Dunno. I've never liked the "fat model" approach because it leads to giant files with a lot of different business logic. For example, where do you put a method that operates on a user and a comment? In user? In comment? 42?

One thing that I like is having "third party services" clients in the same folder, especially if they are used in multiple part of the business logic.

I've also used presenters in the past to group the display logic and (some) query objects to hide complex queries and be able to test them in isolation.

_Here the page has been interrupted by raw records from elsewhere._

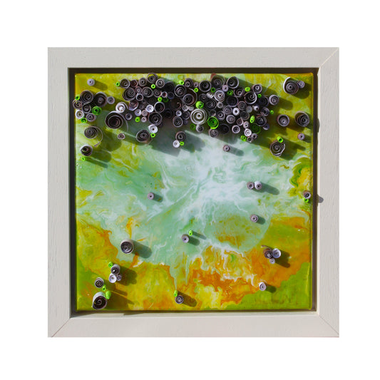 "Cloud Burst" -20.32cm(L) x 20.32cm(H) Framed Wall Hanging with Green Hues and Quilling.
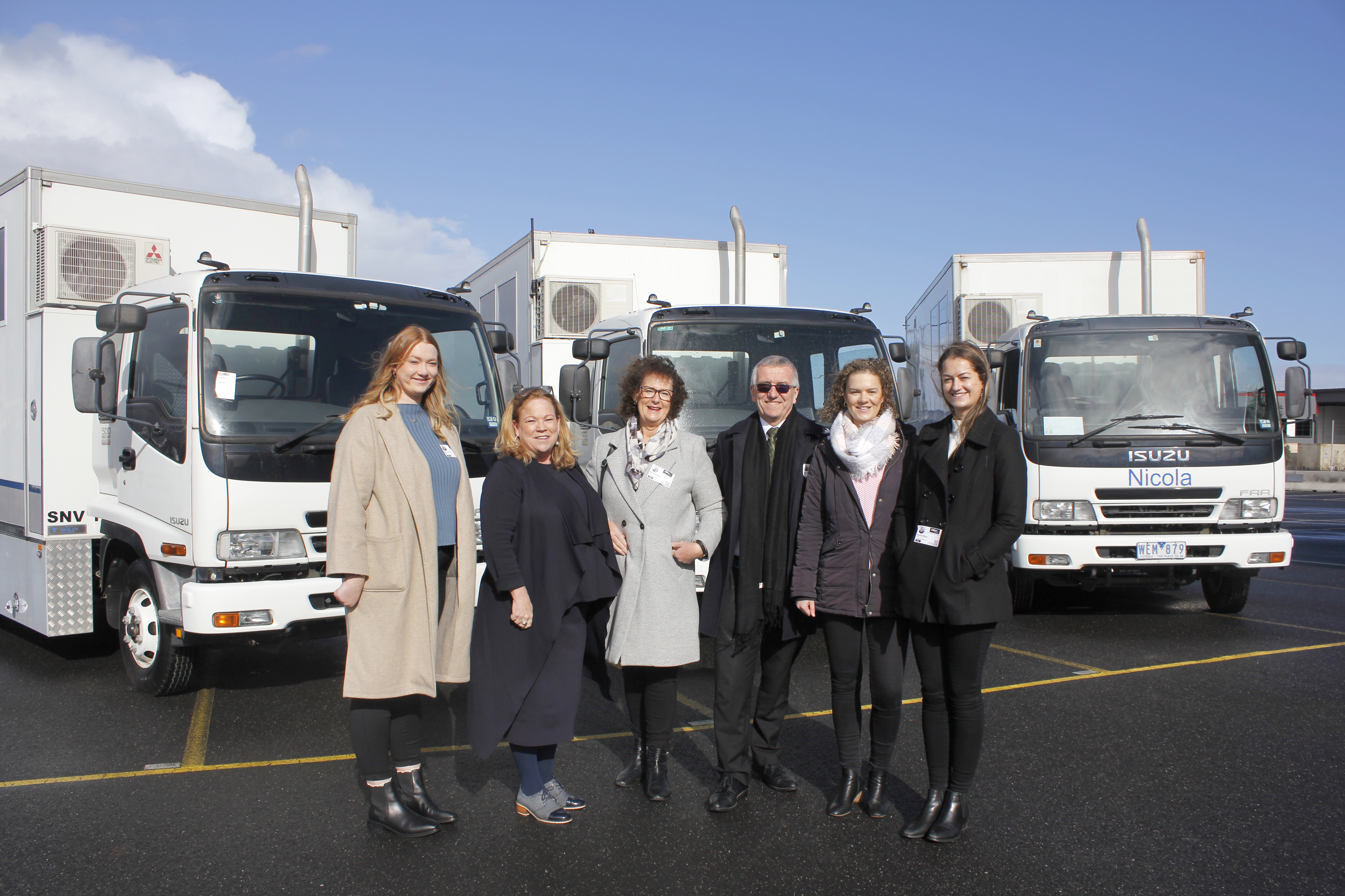 Before the vans were donated, Chief Executive Officer Sue McKee and Tim Hogan joined Colin’s wife, Wendy, and his three daughters, Ella, Nicola, and Fiona at CEVA Logistics in Truganina to inspect the vans and view the inscriptions on the plaques.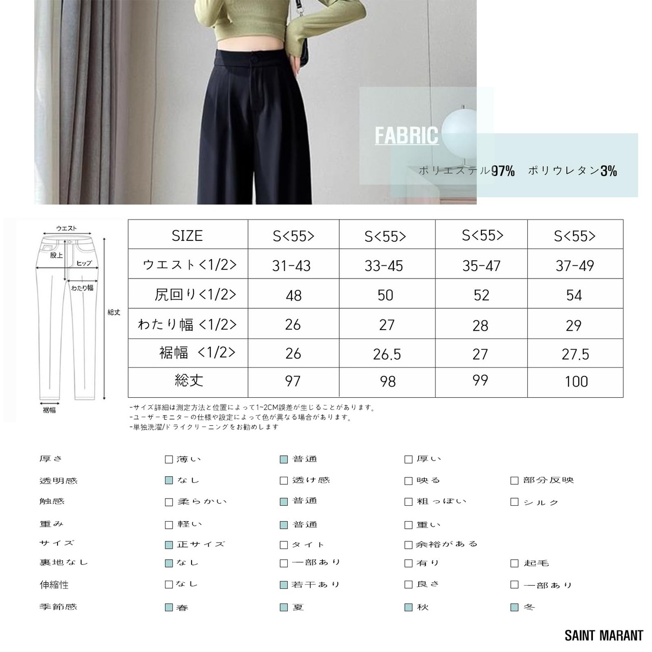 【特価】[SAINT MARANT] SL2401レディース ウエストゴム 美脚 タック ワイド パンツ ハイウエスト 黒 ロング スラックス パンツ スーツ オフィス カジュアル ズボン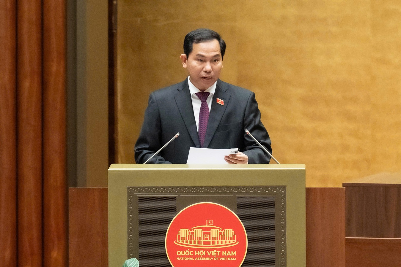 Tổng Thư ký Quốc hội , Chủ nhiệm Văn phòng Quốc hội Lê Quang Mạnh trình bày Dự thảo Nghị quyết Kỳ họp thứ 10 trình Quốc hội thông qua. Ảnh: VPQH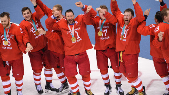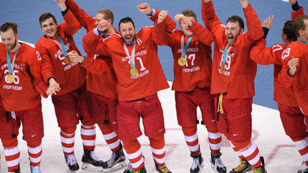 В воскресенье российские хоккеисты в финале олимпийского турнира обыграли сборную Германии в овертайме со счетом 4:3. Во время награждения золотыми медалями хоккеисты вместе с болельщиками пели российский гимн, когда на арене был включен олимпийский гимн.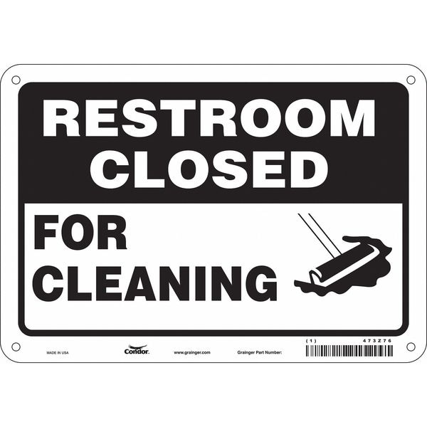 Restroom Sign, Vertical Rectangle, Number of Printed Sides 1, English, Sign Legend For Cleaning, Sign Legend Background Color Black, White, Sign Legend Style Symbol and Text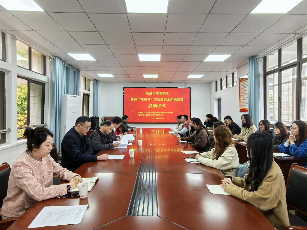 首届“焓谷杯”实验室安全知识竞赛启动会。学院党委书记谢文平、资产与实验室管理处副处长汪尚兵、学院实验中心主任王双、副主任殷国霞、学院优秀校友、安徽焓谷工程技术有限公司绿色制造部部长邵晓骐以及学院研究生代表出席了本次活动,会议由学院副院长楚化强主持。

These are a few articles on the topic of how to structure or refactor Rails code:

7 Patterns to Refactor Fat ActiveRecord Models (an intro from 2012 but with some still relevant pointers)
Presenters: I love presenters, because they make clear which part of the logic is just for the templates. A date formatter for the UI shouldn't be in a model for example. They aren't super easy to test in pure Ruby but dev.to moved on from controller tests so this shouldn't be an issue.
Sandi Metz’ rules for developers are more or less in tuned with what CodeClimate is warning about (ps. it's okay to break them if needed :D)
This is the technique I used to extract query objects

Another thing I would consider is to make more explicit what is an asynchronous job. The code base right now uses delayed_job directly with its various .delay, _without_delay and handle_asynchronously. Refactoring all of this into Active Jobs would have the effect of make jobs explicit and produce a nice app/jobs folder as a central repository for all the async stuff. This way you can test it in isolation if needed or if in the future you outgrow delayed job you know where to go to make the changes.

PS, we actually define our own timeout at about 9 seconds. RACK_TIMEOUT accepts some a Rails-magicky ENV variable called RACK_TIMEOUT_SERVICE_TIMEOUT.

Ah! Good to know :) Well, it's entirely possible that the wall is hit at 9 seconds then.

We could extend this longer, but everything we do really should finish sooner, so it would be better to fix the code IMO.

Agreed

rhymes • Oct 12 '18

I know it's a lot, but the great thing about refactoring is that it can be (mostly) done one step a time :-)